Skipping any pictures, repeat exactly and only the lines from the one that holds "黑龙江出入境边防检查总站鸡西边境管理支队移民管理警察在兴凯湖湖畔巡逻。 李敬宇 摄" to the last line of the material, both included.

* Data section:
-*-
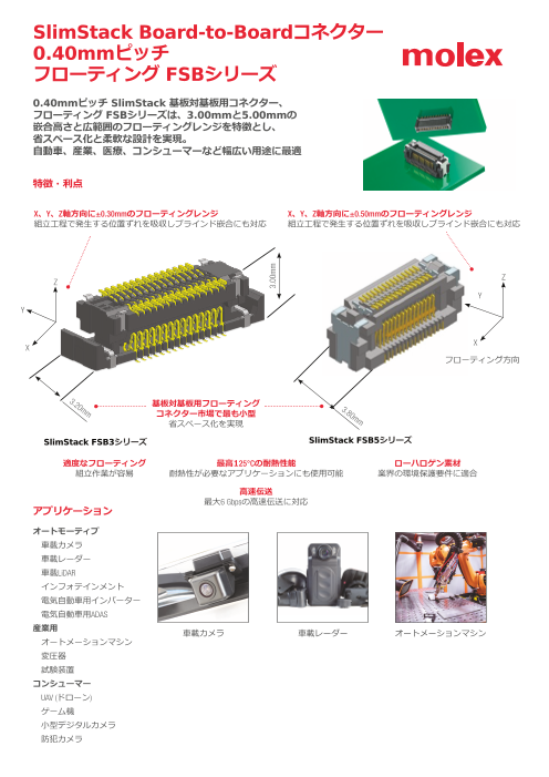 0.40mmピッチ SlimStack 基板対基板用コネクター、フローティング FSBシリーズは、3.00mmと5.00mmの嵌合高さと広範囲のフローティングレンジを特徴とし、省スペース化と柔軟な設...
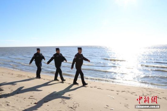 黑龙江出入境边防检查总站鸡西边境管理支队移民管理警察在兴凯湖湖畔巡逻。 李敬宇 摄
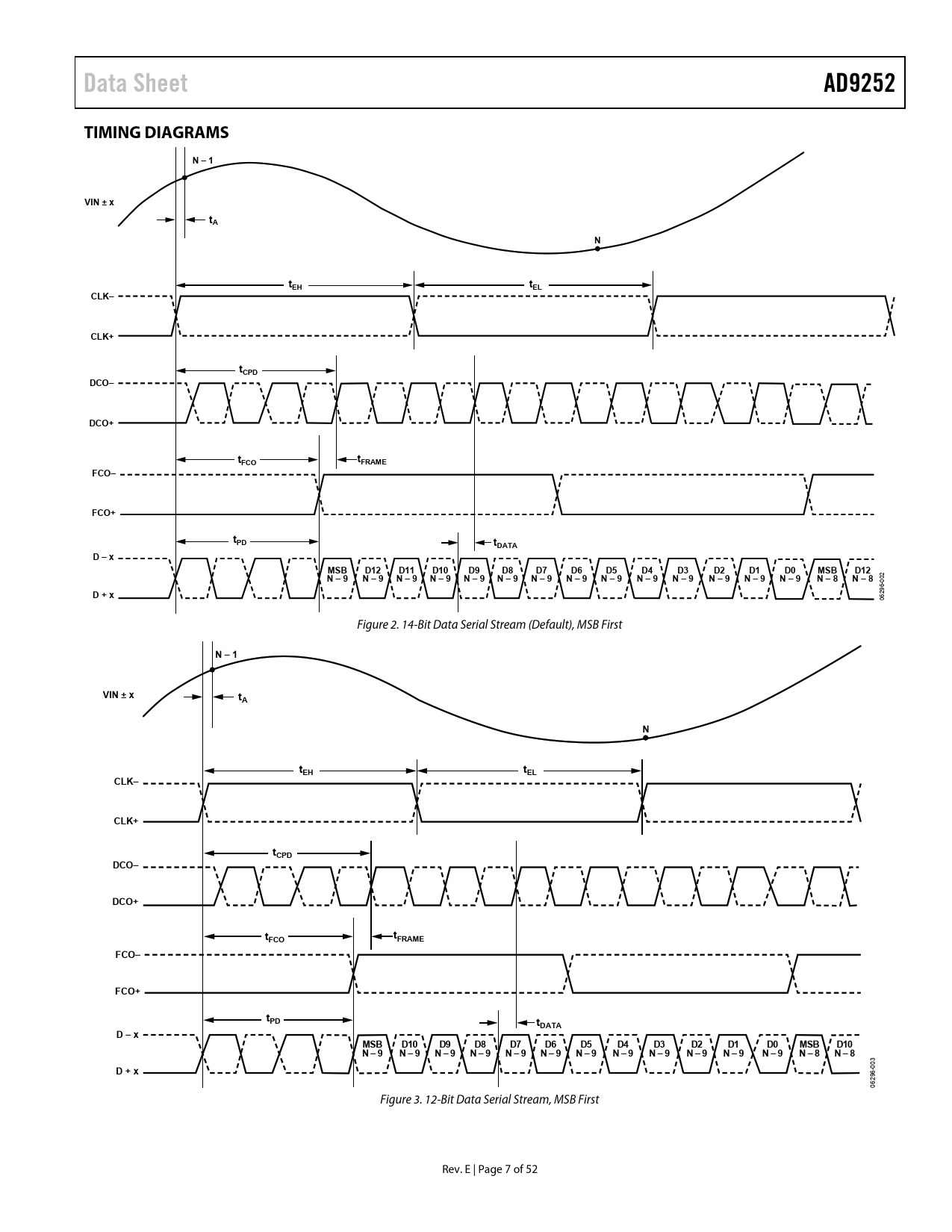 Data Sheet. AD9252. TIMING DIAGRAMS. N – 1. VIN ± x. tEH. tEL. CLK–. CLK+. tCPD. DCO–. DCO+. FCO. FRAME. FCO–. FCO+. tPD. tDATA. D – x. MSB. D12. D11. D10. N – 9
-*-
* Answer space:
 黑龙江出入境边防检查总站鸡西边境管理支队移民管理警察在兴凯湖湖畔巡逻。 李敬宇 摄
 Data Sheet. AD9252. TIMING DIAGRAMS. N – 1. VIN ± x. tEH. tEL. CLK–. CLK+. tCPD. DCO–. DCO+. FCO. FRAME. FCO–. FCO+. tPD. tDATA. D – x. MSB. D12. D11. D10. N – 9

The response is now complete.